Ao longo destes últimos anos alertámos através de cartas e ofícios,
dirigidos às estruturas hierárquicas, para os constrangimentos vários que
impediam a realização da nossa principal função : assistência de qualidade aos
doentes que nos procuram. A ausência sistemática de respostas cabais aos nossos
pedidos, fazem-nos sentir ser chegado o momento de trazer à consideração
superior e ao conhecimento público o seguinte:
1.
É por todos os
signatários, e por largo consenso, hoje reconhecida a elevada degradação das
condições de trabalho no Centro Hospitalar Universitário de Lisboa Central (CHULC).

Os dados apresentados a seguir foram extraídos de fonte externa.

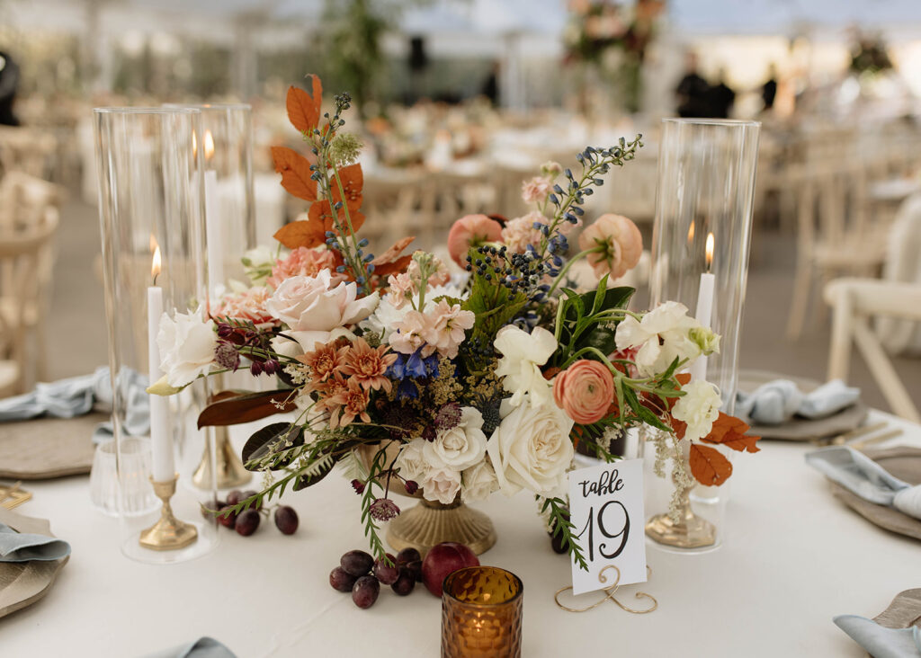 After their ceremony concluded, guests were invited to refill their drinks at the rustic bar and enjoy each other’s company along the river. The fire pits and bistro lights set the coziest atmosphere for their guests to mingle before dinner! Misha and Andrew’s reception was set underneath the venue’s large, sailcloth tent, which is always in place from May – October. Inspired by Misha’s unique dress, the color palette and floral arrangements absolutely stole the show. Somehow they perfectly blended notoriously “spring” colors with more rustic, fall foliage.

Degradação que envolve a dotação de pessoal médico, de pessoal técnico e de
enfermagem, a disponibilidade de material de consumo, a introdução de
equipamento especializado, o investimento na inovação, e a mera logística para o normal exercício
profissional. O trabalho diário passou a gestão permanente de crises.
2.
Entendem
estes responsáveis médicos do CHULC estar agora seriamente comprometida a sua
dupla capacidade de prestação
assistencial e de treino médico. Ambas componentes essenciais, quanto
indissociáveis do seu mandato profissional
e integrantes do contrato entre a
Profissão e a Sociedade - materializadas nos valores do Profissionalismo Médico.
3.
Esta
degradação tem vindo a instaurar-se ao longo dos últimos anos, assumindo
diversas matizes, tais como a progressiva perda de autonomia na gestão, a
incapacidade de influenciar o desenvolvimento tecnológico dos serviços ou, mais
recentemente, a capacidade de reter talentos
profissionais emergentes. Este facto
afecta o presente, e compromete gravemente o futuro.
4.
Acham os
signatários ser seu dever, no âmbito do mandato de advocacia da Saúde, e no
primado da defesa dos doentes, vir agora
a público denunciar esta grave situação, situação que compromete já hoje a segurança clínica, e não menos compromete a capacidade formativa dos que, por nós
ensinados, deveriam assegurar a nossa própria continuidade. Esta é também uma inalienável responsabilidade Hipocrática.
5.
É que para
além da deterioração das condições de trabalho acima referidas, com riscos para
quem mais interessa, os doentes, esta situação comprometerá no curto prazo a capacidade assistencial, levando ao
encerramento de serviços, a começar pelos das diversas Urgências que o Centro
Hospitalar disponibiliza, por falta de condições mínimas, ou ausência mesmo de
quaisquer condições de elementar segurança para o seu normal funcionamento. É
que se contam já por muitas, as valências altamente diferenciadas, hoje perdidas pelas mais diversas
especialidades. De forma silenciosa, mas com prejuízo insubstituível para os
doentes e para a Sociedade.
6.
Num tempo em
que as palavras duram o tempo que soam e valem pouco mais do que isso, acham os
signatários deste manifesto ser seu dever ético, pessoal e profissional, alertar
agora para a gravidade das condições de trabalho no CHULC, condições que a todos
afectam hoje, e que comprometerão amanhã o futuro que é de todos.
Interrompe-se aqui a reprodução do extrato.